Input data:
━━━━━━━━━━━━━━━━━━━━━━━━━━━━━━

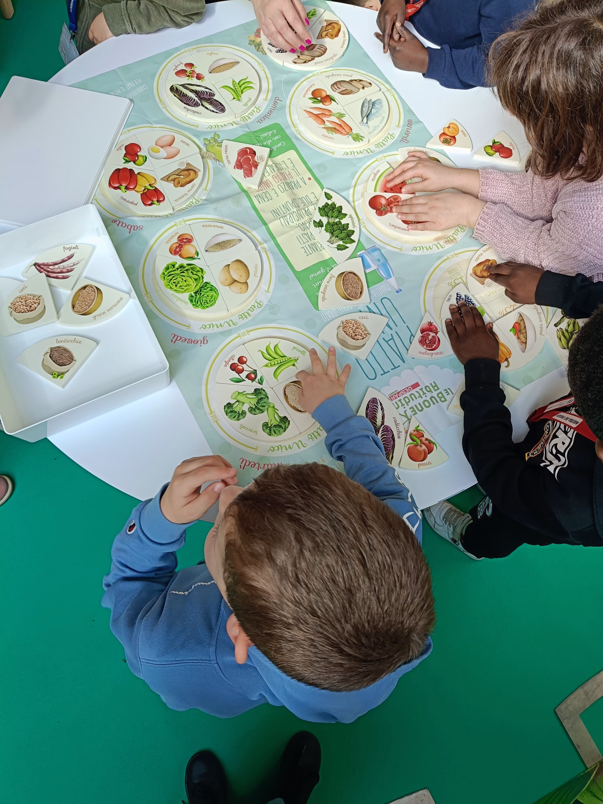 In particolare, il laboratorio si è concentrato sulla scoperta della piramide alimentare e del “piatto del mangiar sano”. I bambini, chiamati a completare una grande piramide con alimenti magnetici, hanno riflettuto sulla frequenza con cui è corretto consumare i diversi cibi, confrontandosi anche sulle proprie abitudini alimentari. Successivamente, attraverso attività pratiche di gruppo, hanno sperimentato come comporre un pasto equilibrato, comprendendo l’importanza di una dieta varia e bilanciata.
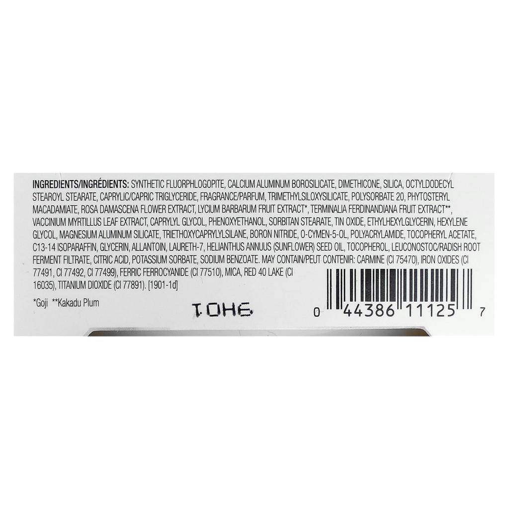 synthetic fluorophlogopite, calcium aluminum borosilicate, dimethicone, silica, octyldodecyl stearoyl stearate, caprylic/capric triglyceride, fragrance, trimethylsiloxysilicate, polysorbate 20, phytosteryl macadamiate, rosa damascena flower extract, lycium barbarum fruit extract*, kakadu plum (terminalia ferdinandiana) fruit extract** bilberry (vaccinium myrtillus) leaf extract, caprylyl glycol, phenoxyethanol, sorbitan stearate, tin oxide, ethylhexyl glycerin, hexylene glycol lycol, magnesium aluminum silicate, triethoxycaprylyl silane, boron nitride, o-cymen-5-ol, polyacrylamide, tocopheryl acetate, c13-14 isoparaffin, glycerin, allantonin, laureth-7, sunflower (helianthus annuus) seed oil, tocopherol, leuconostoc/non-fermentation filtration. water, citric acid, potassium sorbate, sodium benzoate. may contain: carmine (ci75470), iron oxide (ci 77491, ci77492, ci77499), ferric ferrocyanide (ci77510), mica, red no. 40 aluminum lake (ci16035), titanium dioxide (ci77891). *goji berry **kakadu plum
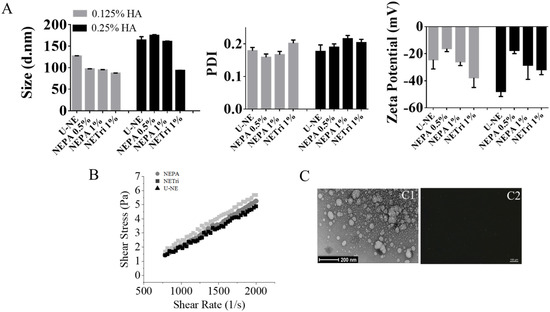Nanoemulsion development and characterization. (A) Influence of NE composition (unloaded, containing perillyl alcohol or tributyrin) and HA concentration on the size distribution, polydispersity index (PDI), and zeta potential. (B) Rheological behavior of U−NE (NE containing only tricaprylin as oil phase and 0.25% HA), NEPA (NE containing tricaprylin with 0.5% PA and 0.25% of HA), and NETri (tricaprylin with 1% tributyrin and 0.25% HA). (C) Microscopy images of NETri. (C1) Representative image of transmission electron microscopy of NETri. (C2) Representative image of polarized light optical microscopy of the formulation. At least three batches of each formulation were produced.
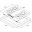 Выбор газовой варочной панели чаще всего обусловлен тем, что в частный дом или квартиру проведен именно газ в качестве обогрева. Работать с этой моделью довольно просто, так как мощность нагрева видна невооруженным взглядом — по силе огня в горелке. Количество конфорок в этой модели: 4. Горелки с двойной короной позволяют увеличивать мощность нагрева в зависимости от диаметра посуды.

━━━━━━━━━━━━━━━━━━━━━━━━━━━━━━

What is required:
Print the data exactly, from its first line to the line containing "synthetic fluorophlogopite, calcium", both included. Omit the pictures.

Written answer:
 In particolare, il laboratorio si è concentrato sulla scoperta della piramide alimentare e del “piatto del mangiar sano”. I bambini, chiamati a completare una grande piramide con alimenti magnetici, hanno riflettuto sulla frequenza con cui è corretto consumare i diversi cibi, confrontandosi anche sulle proprie abitudini alimentari. Successivamente, attraverso attività pratiche di gruppo, hanno sperimentato come comporre un pasto equilibrato, comprendendo l’importanza di una dieta varia e bilanciata.
 synthetic fluorophlogopite, calcium aluminum borosilicate, dimethicone, silica, octyldodecyl stearoyl stearate, caprylic/capric triglyceride, fragrance, trimethylsiloxysilicate, polysorbate 20, phytosteryl macadamiate, rosa damascena flower extract, lycium barbarum fruit extract*, kakadu plum (terminalia ferdinandiana) fruit extract** bilberry (vaccinium myrtillus) leaf extract, caprylyl glycol, phenoxyethanol, sorbitan stearate, tin oxide, ethylhexyl glycerin, hexylene glycol lycol, magnesium aluminum silicate, triethoxycaprylyl silane, boron nitride, o-cymen-5-ol, polyacrylamide, tocopheryl acetate, c13-14 isoparaffin, glycerin, allantonin, laureth-7, sunflower (helianthus annuus) seed oil, tocopherol, leuconostoc/non-fermentation filtration. water, citric acid, potassium sorbate, sodium benzoate. may contain: carmine (ci75470), iron oxide (ci 77491, ci77492, ci77499), ferric ferrocyanide (ci77510), mica, red no. 40 aluminum lake (ci16035), titanium dioxide (ci77891). *goji berry **kakadu plum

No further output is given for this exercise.